6. 70 % des arbres vivent déjà au bord de la rupture hydraulique
Choat et al.4 à partir de données sur 226 espèces forestières dans 81 sites mondiaux, montrent que 70 % des espèces fonctionnent déjà à la limite de leur tolérance hydraulique — la marge entre la tension qu’elles subissent normalement et celle qui déclenche l’embolie est inférieure à 1 MPa (le mégapascal est une unité de pression, 1 MPa équivaut à environ 10 fois la pression atmosphérique). Imaginez une chaîne qui supporte déjà presque tout le poids qu’elle peut porter : il suffit d’un léger surcroît de charge pour qu’elle cède. C’est exactement dans cette situation que fonctionnent la plupart des arbres en conditions normales, au bord de leur limite. Comme le formulent Marchin et al. dans leurs conclusions : l’augmentation active de la transpiration sous conditions chaudes et sèches propulse les plantes vers les seuils de cavitation du xylème plus rapidement qu’on ne l’avait reconnu jusqu’ici
.
7. Planter mieux, pas seulement planter plus
Ce double mécanisme — fermeture stomatique en période de sécheresse modérée, ouverture paradoxale en période de chaleur extrême — explique pourquoi la transpiration comme levier de rafraîchissement est un service conditionnel et non garanti. Il n’est pas stable dans le temps, varie selon les espèces, les sites et les conditions hydriques.
L’ombrage reste le levier le plus stable de rafraîchissement des arbres — 70 à 80 % de l’effet de rafraîchissement ressenti sous la canopée. Un arbre qui a fermé ses stomates depuis une semaine projette encore la même ombre. Mais cette stabilité a aussi ses limites : si l’arbre n’a plus la capacité d’irriguer sa canopée, elle disparaît et avec elle, sa capacité à ombrager.

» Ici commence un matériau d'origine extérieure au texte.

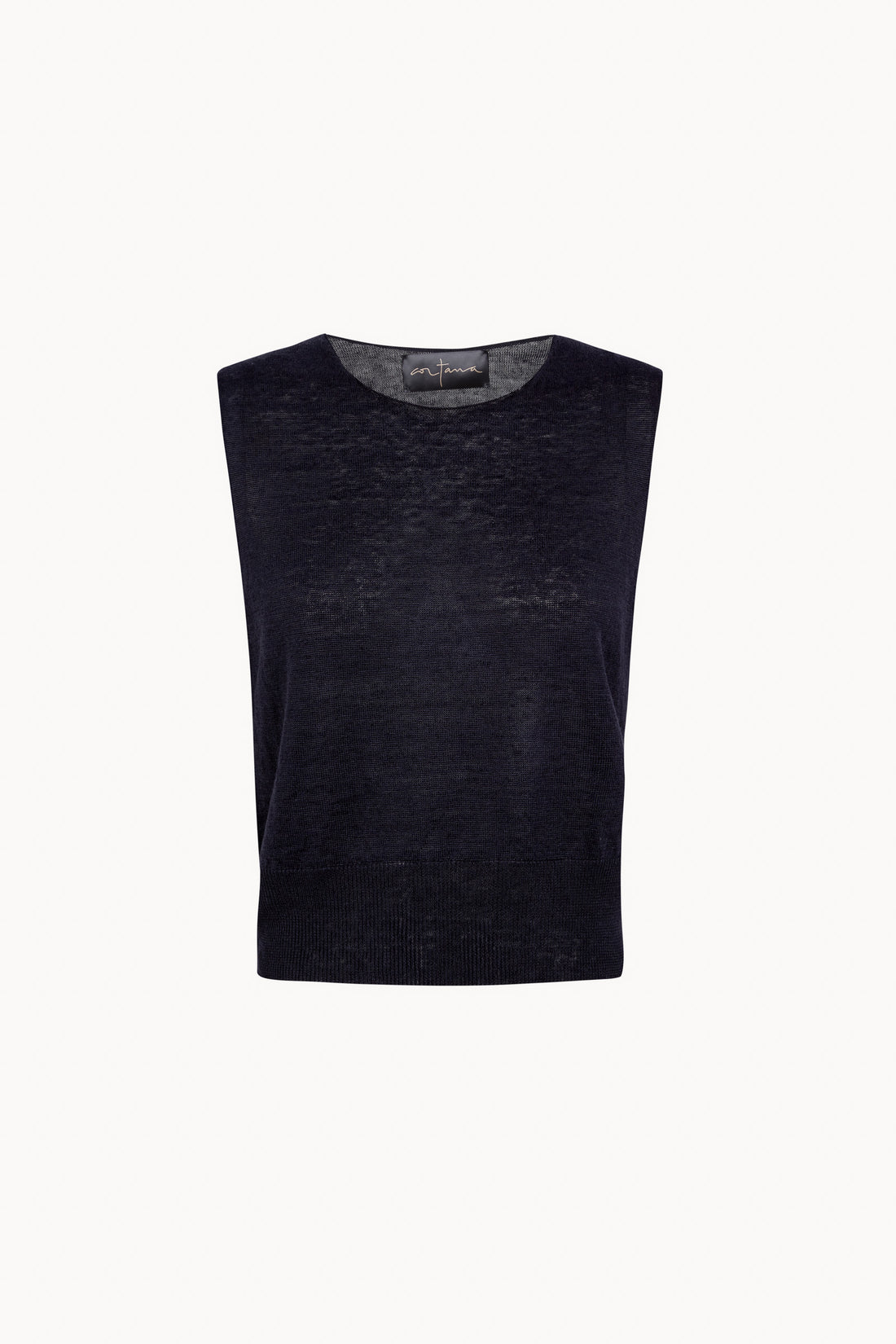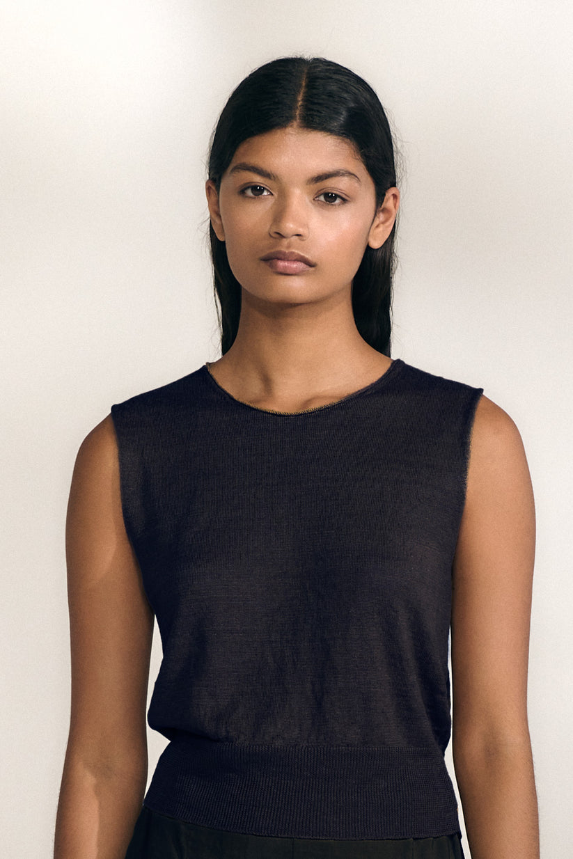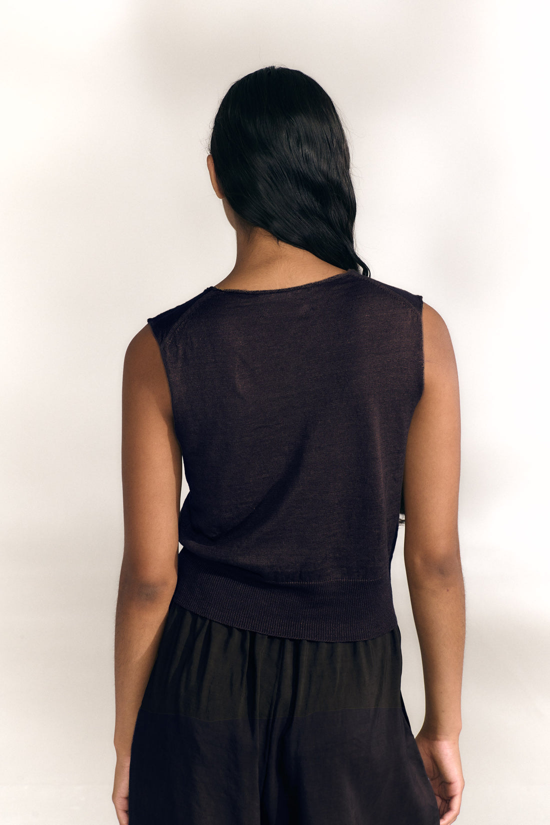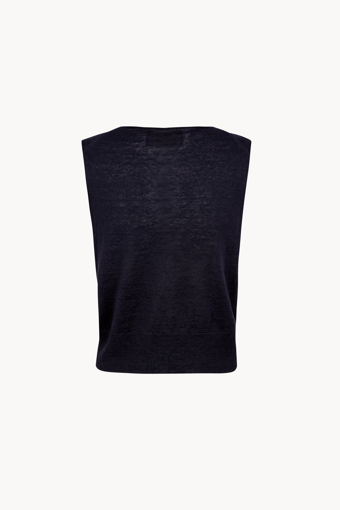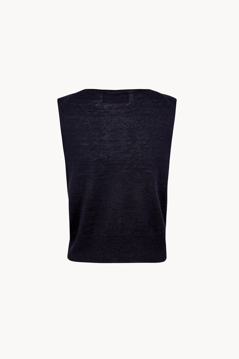 Chaleco realizado en punto de lino, de corte recto, cuello redondo y sin mangas.
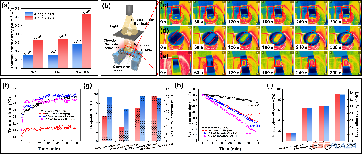 图3.(a)天然木材、木材气凝胶与还原氧化石墨烯修饰的木材气凝胶沿X与Z轴的导热系数。(b)由光热转换和自然对流驱动的光热蒸发系统示意图。(c)海水-空气界面的红外热成像图,(d)漂浮在海水上的还原氧化石墨烯修饰的木材气凝胶的红外热成像图,(e)悬挂在海水槽之间的还原氧化石墨烯修饰的木材气凝胶的红外热成像图。(f)海水,海水槽之间悬挂的木材气凝胶,漂浮在海水上的还原氧化石墨烯修饰的木材气凝胶以及悬挂在海水槽之间的还原氧化石墨烯修饰的木材气凝胶的蒸发界面的温度变化。(g)上述四种条件下的蒸发率。(h)上述四种条件下的蒸发效率和蒸发速率比较。(i)上述四种情况的总温升、气液界面最高温度。
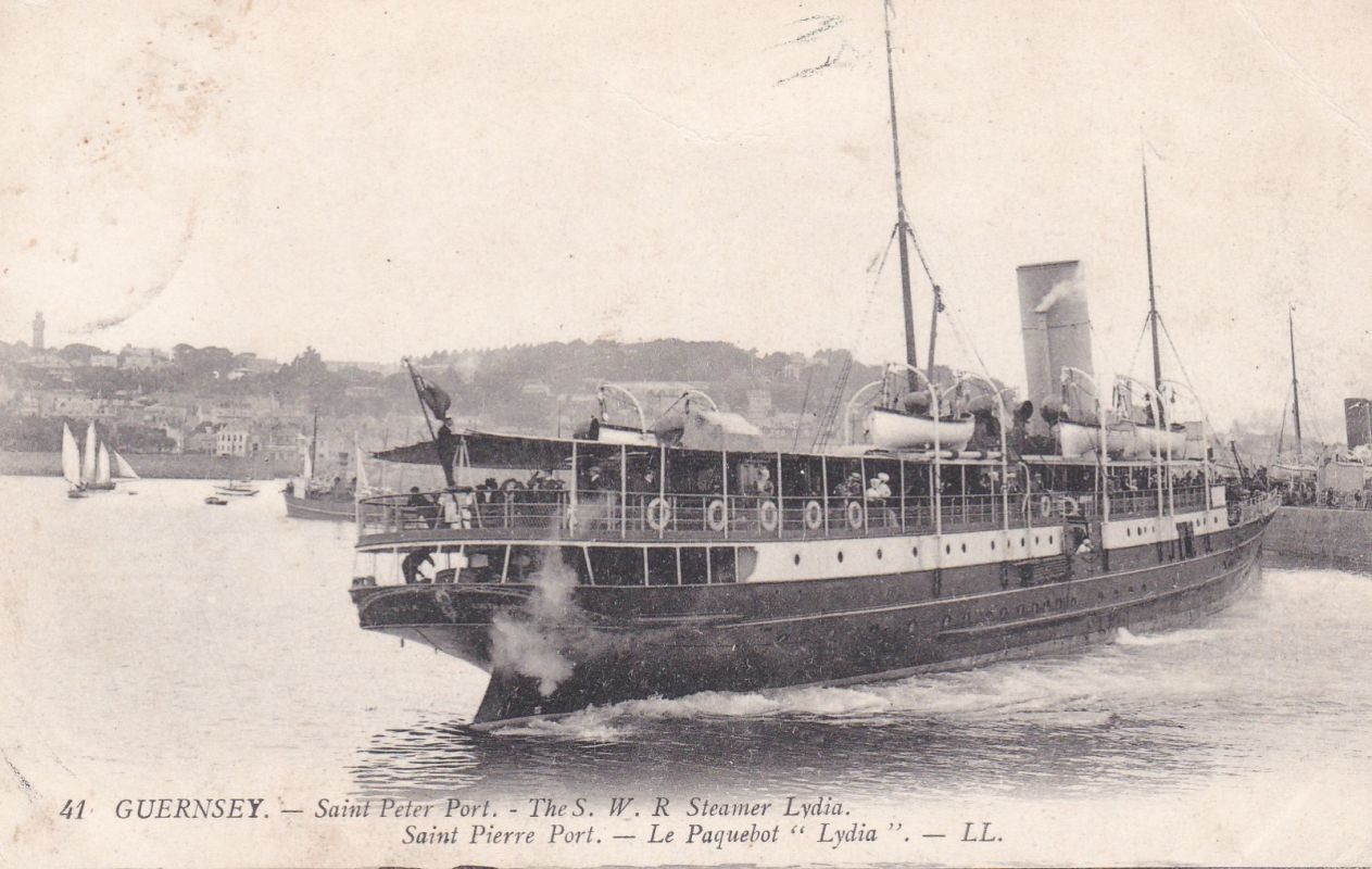 | 19 | GUERNSEY – LL card 040 - St. Peter Port. - The S. W. R – Steamer “Lydia”. Coloured. White back. Used. 4* | 20.00 | 20.00 | |
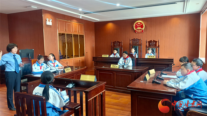 同樣,7月4日,在“崗拉梅朵”未成年人法治教育基地,也有一場(chǎng)模擬法庭庭審在進(jìn)行,來自合作一小五年級(jí)的學(xué)生在這里開庭審理一起盜竊案。
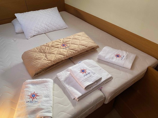 The guests on this sailboat will be sharing 4 cabins with 9 sleeps and 3 bathrooms. This boat has 21 additional services available. Required extras payable now are already included in the boat rental price. Click the reservation button to check the optional extras that allow you to customize your sailing trip.
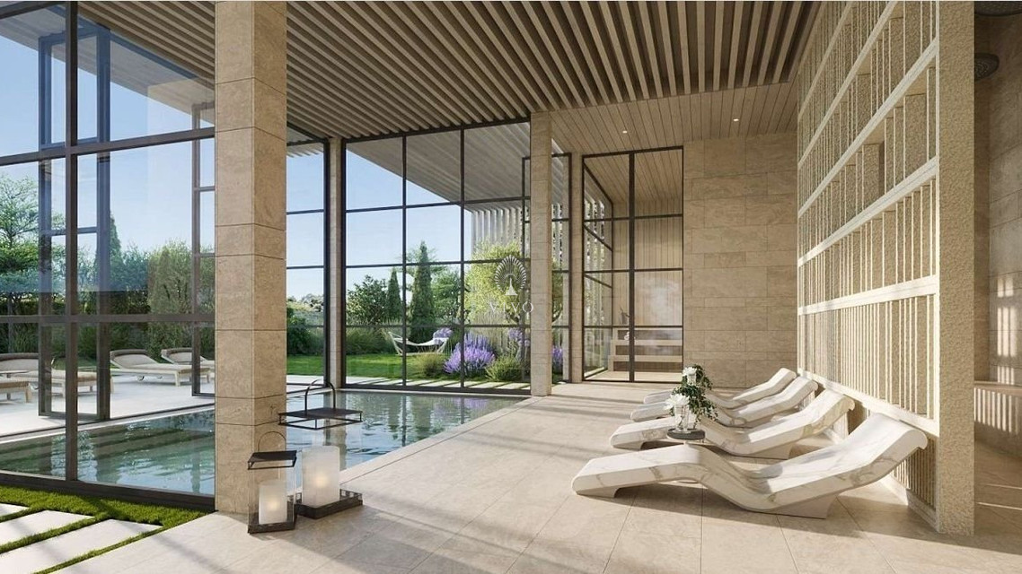 Wellness center with an outdoor swimming pool, a complex for spa treatments, a fitness area, lawns for yoga and meditation

L’arbre nous rafraîchit donc surtout quand il en a les moyens. Ce n’est en rien une raison de renoncer aux arbres en ville, c’est une raison pour mieux comprendre leur physiologie et leurs besoins pour les planter et les soigner comme ils le méritent. L’enjeu n’est pas de planter davantage, mais de planter — et de jardiner — mieux.
Notes :
- Knight, T., Price, S., Bowler, D., et al. (2021). How effective is
greening
of urban areas in reducing human exposure to ground-level ozone concentrations, UV exposure and theurban heat island effect
? An updated systematic review. Environmental Evidence, 10, 12. - Anys, M., & Weiler, M. (2025). Drought impact on transpiration dynamics of common deciduous trees growing at contrasting urban sites. Ecohydrology, 18(2), e70007.
- Marchin, R. M., Backes, D., Ossola, A., Leishman, M. R., Tjoelker, M. G., & Ellsworth, D. S. (2022). Extreme heat increases stomatal conductance and drought-induced mortality risk in vulnerable plant species. Global Change Biology, 28(3), 1133–1146.
- Choat, B., Jansen, S., Brodribb, T. J., Cochard, H., Delzon, S., Bhaskar, R., Bucci, S. J., et al. (2012). Global convergence in the vulnerability of forests to drought. Nature, 491(7426), 752–755.